(Data items)
──────────

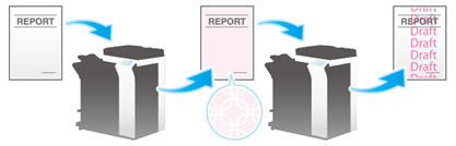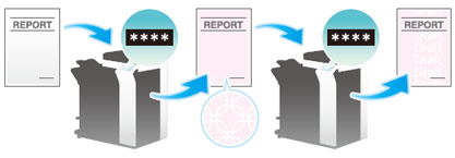 パスワードコピーは、不正コピー防止用に、「社外秘」や日付などの隠し文字を背景の中に目立たないように印字するコピープロテクト機能に、パスワードコピー用のパスワードを埋め込んで印字する機能です。
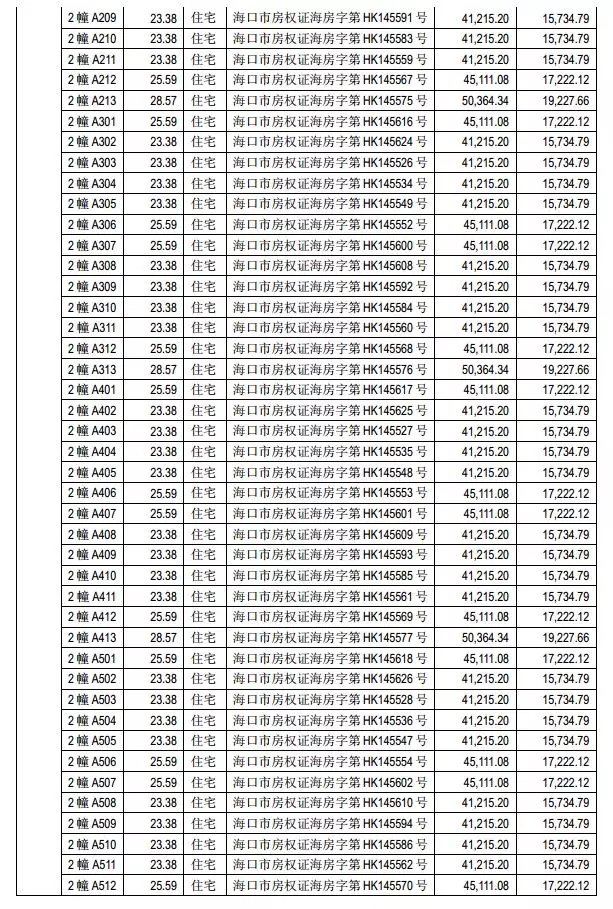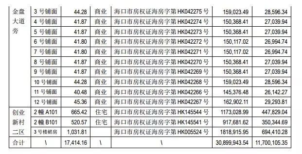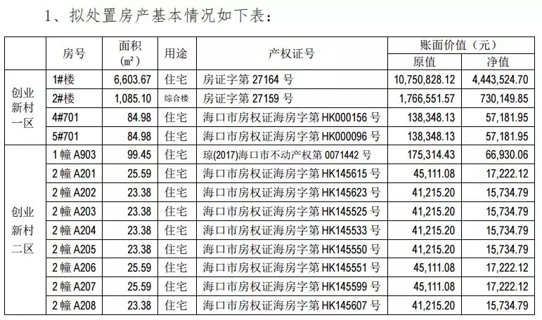 其中,住宅269套(总面积14,685.04平方米),商铺15套(总面积2,729.12平方米)。账面价值原值为30,899,943元,最终处置价格以成交价为准。
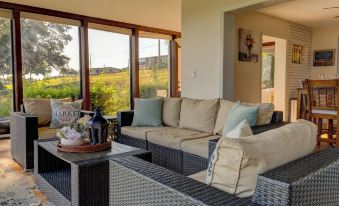 Comfortable and beautifully decorated, the open plan living room features a large L sofa, a large coffee table, and a Big screen 55 Inch Flat Screen Smart Tv (Roku Powered) to enjoy both movies and sporting events. Next Escape to our sunroom, a haven of tranquility and natural light, This Neutral-toned room is the perfect spot for an Ideal hangout. Sit back, relax, and socialize with friends and family.
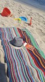 Serviette de plage / Paréo en coton recyclé de 180 gr/m2 avec frange Multicolor Dimensions: 90x170 cm 20 pièces par emballage Localisation : Chem. des vignes, 44760 les moutiers en retz, Personne à contacter : Frédéric Bonnaudet, 06 44 04 57 16
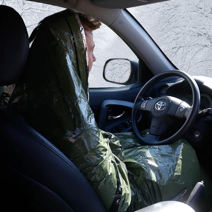 - ULTRA LIGHTWEIGHT COMPACT SLEEPING BAG: Made out of ultra-lightweight HeatEcho reflective polyester film, this thermal survival blanket sleeping bag weighs just 4.8 ounces. It also compresses into a tiny oversized stuff sack, so you can reuse and carry our emergency sleeping bags with your survival kit everywhere you go. Use as a sleeping bag liner and raise your body temperature by 20°!
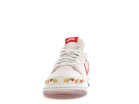 Der Sneaker ist Teil der exklusiven Nike N7 Kollektion 2023 und vereint die Zusammenarbeit zwischen Nike SB und dem Dunk Low Pro. Die Kombination aus Opti Yellow, University Red und weiteren Farbhighlights macht den Schuh zu einem echten Hingucker. Das weiße Canvas-Obermaterial punktet mit floraler Stickerei auf den Wildleder-Elementen, während die rote Leder-Swoosh durch dekorative Nähte eingerahmt wird. Die robuste Cupsole sorgt für Stabilität und langen Tragekomfort, ideal für Alltag, Freizeit und sportliche Aktivitäten. Nike steht seit Jahrzehnten für innovative Designs und hochwertige Verarbeitung – ein Statement auf und neben dem Board.
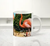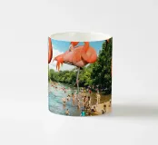 Un gruppo di fenicotteri che se ne sta in riva a un fiume mentre un altro migliaio di persone si diverte a nuotare lì. Vibrazioni surreali e divertenti da spiaggia estiva. Collage originale di MsGonzalez
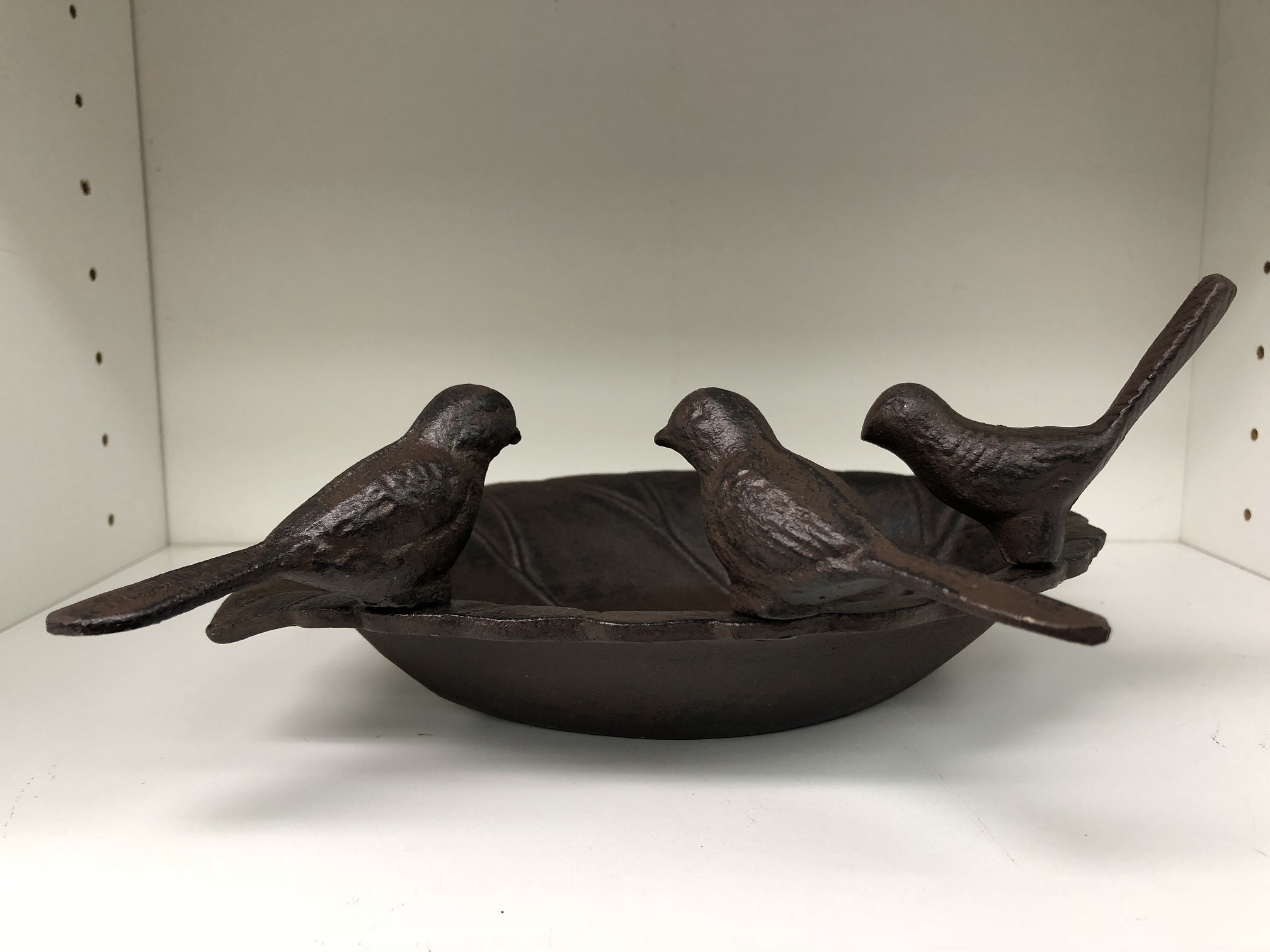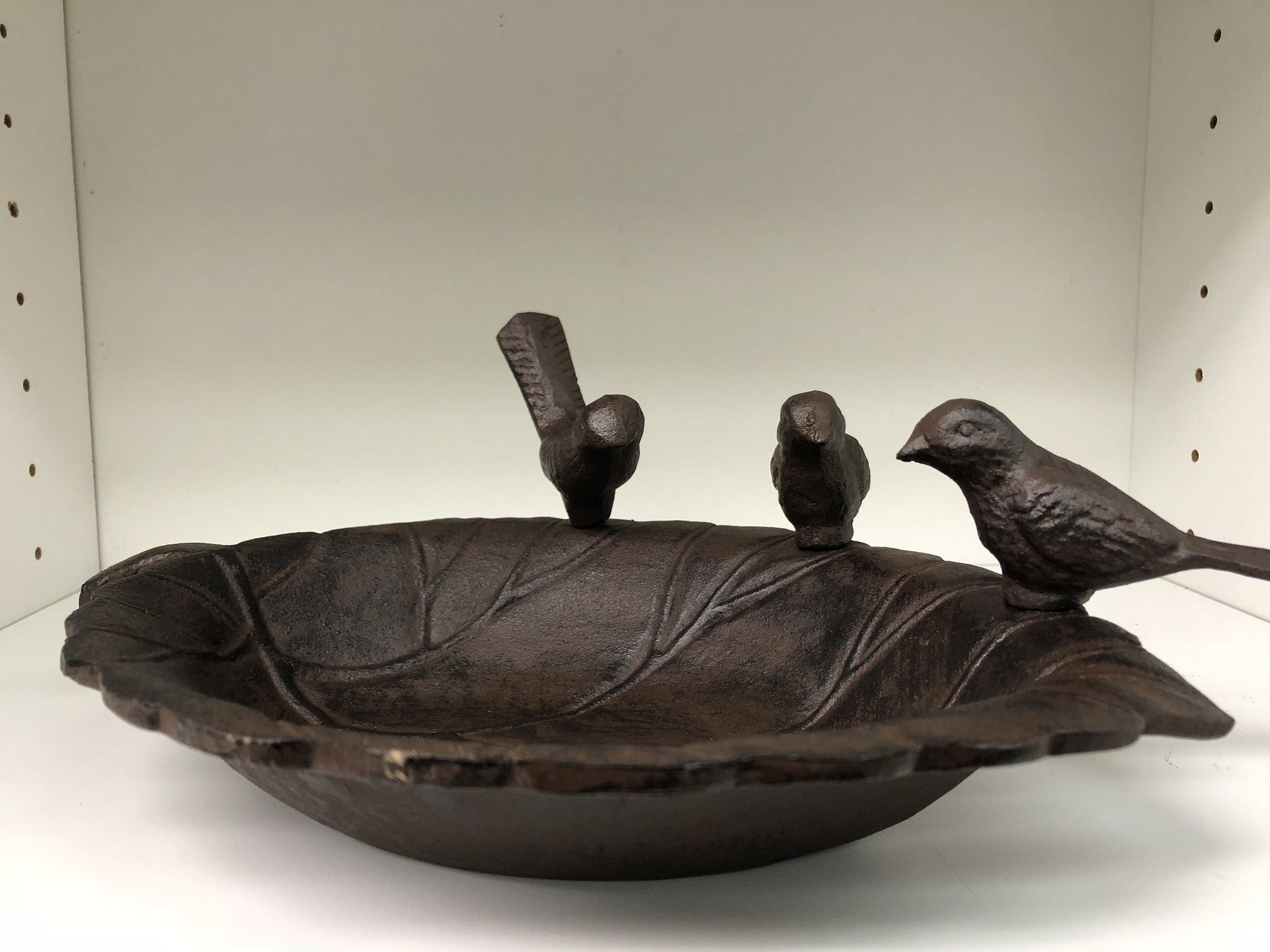 Lieferumfang: 1 x blattförmiges Vogelbad, Gusseisen, mit 3 Vögeln.
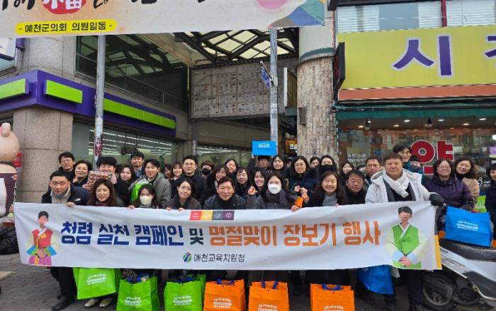 예천교육지원청(교육장 이창희)과 예천도서관 소속 직원 50여명은 22일 민족 고유의 명절인 설을 앞두고 예천읍 상설시장에서 전통시장 장보기를 실시했다. 이번 행사는 청렴 예천교육을 홍보하고, 지역 생산 물품 등을 구매하여 위축된 소비심리에 활력을 불어넣는데 동참하고자
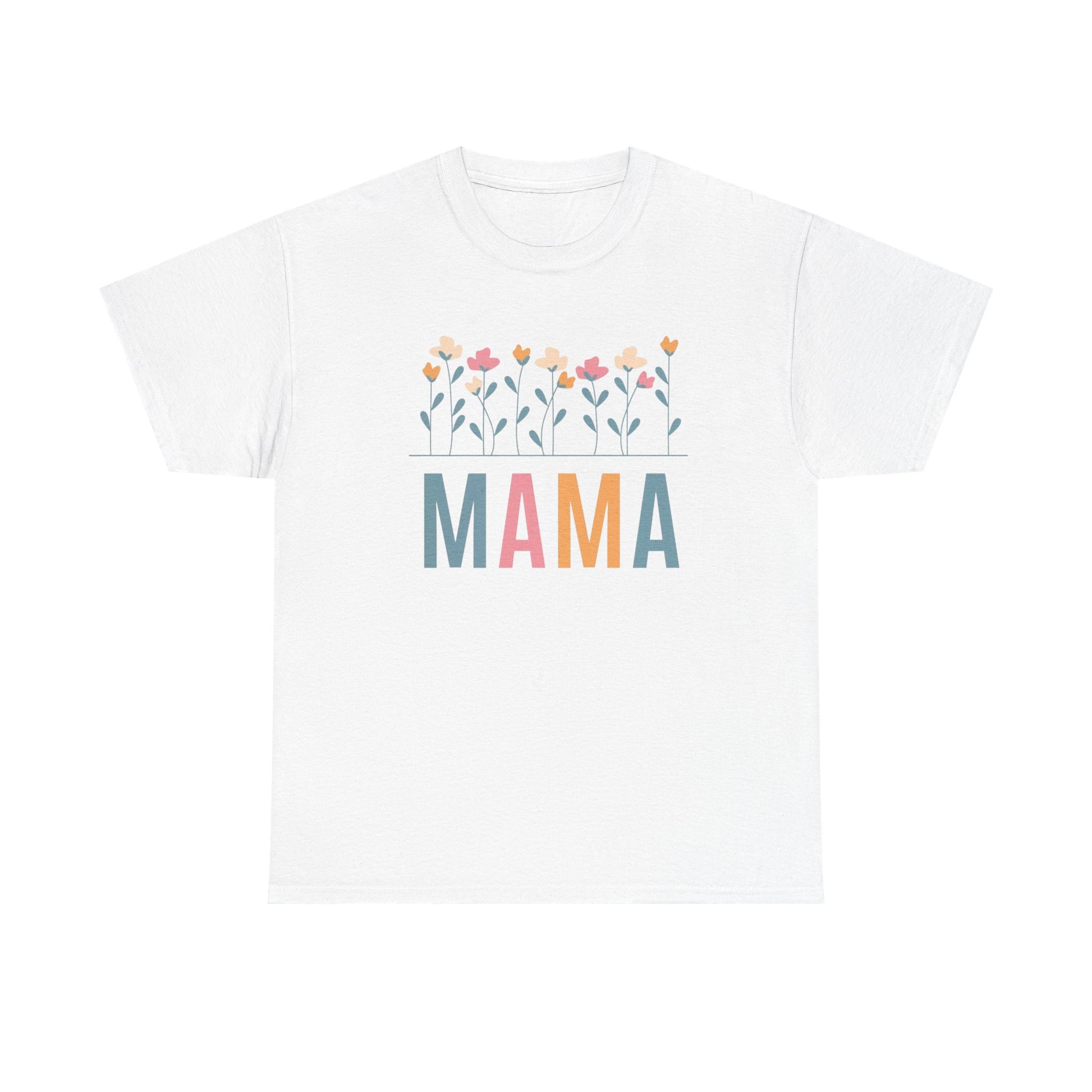 Soft, simple, and quietly joyful — this tee reads MAMA in gentle, muted colors beneath a row of hand-drawn wildflowers.
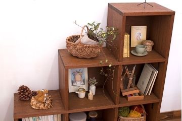 お部屋の中に植物を取り入れたいけど置き場所に悩む…といった場合にも、アンティークラックがおすすめです。お部屋の一画にしっかりとスペースを確保してあげることでメリハリが生まれ、より魅力的に植物を飾ることが出来ますよ。おしゃれにディスプレイするポイントは「変化をつけること」。植物を入れる容器に鉢やガラスコップ、マグカップなど様々なものを使ったり、木箱やワイヤーバスケットに複数の植物をまとめてみたり。単調な印象にならないように工夫することで植物の魅力が引き立ち、眺めていて楽しいディスプレイになりますよ。
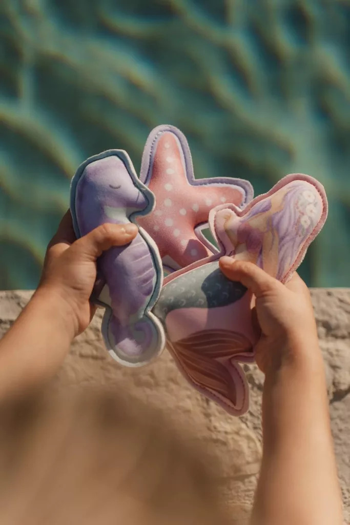 A játék nemcsak szórakoztató, hanem fejlesztő is: segíti a mozgáskoordinációt, a koncentrációt és a vízben való magabiztosság kialakulását. A puha neoprén anyag kellemes tapintású, így a kisebb kezek is könnyen meg tudják fogni a figurákat.
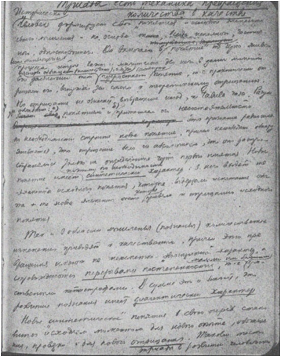 [35] 译注:在文前托洛茨基将量变转化为质变放在和扬弃实际上同等的位置,这是托洛茨基创新的地方,;而另外一边是列宁和普列汉诺夫哲学给他带来的影响,这两种对辩证法的理解可以说在托洛茨基的思想中并行不悖。但是如果今天写一篇论文对二者如此处理,就会被认为是素养极差,你的哲学生涯就此结束,因为你完全进入不了二者的语境之中。益于手稿特色的格式,让这种实验性哲学得以可能。

──────────

What you have to do: Copy the records above from the first line through the line containing "- ULTRA LIGHTWEIGHT", both included, and leave out any pictures.

Output below:
 パスワードコピーは、不正コピー防止用に、「社外秘」や日付などの隠し文字を背景の中に目立たないように印字するコピープロテクト機能に、パスワードコピー用のパスワードを埋め込んで印字する機能です。
 其中,住宅269套(总面积14,685.04平方米),商铺15套(总面积2,729.12平方米)。账面价值原值为30,899,943元,最终处置价格以成交价为准。
 Comfortable and beautifully decorated, the open plan living room features a large L sofa, a large coffee table, and a Big screen 55 Inch Flat Screen Smart Tv (Roku Powered) to enjoy both movies and sporting events. Next Escape to our sunroom, a haven of tranquility and natural light, This Neutral-toned room is the perfect spot for an Ideal hangout. Sit back, relax, and socialize with friends and family.
 Serviette de plage / Paréo en coton recyclé de 180 gr/m2 avec frange Multicolor Dimensions: 90x170 cm 20 pièces par emballage Localisation : Chem. des vignes, 44760 les moutiers en retz, Personne à contacter : Frédéric Bonnaudet, 06 44 04 57 16
 - ULTRA LIGHTWEIGHT COMPACT SLEEPING BAG: Made out of ultra-lightweight HeatEcho reflective polyester film, this thermal survival blanket sleeping bag weighs just 4.8 ounces. It also compresses into a tiny oversized stuff sack, so you can reuse and carry our emergency sleeping bags with your survival kit everywhere you go. Use as a sleeping bag liner and raise your body temperature by 20°!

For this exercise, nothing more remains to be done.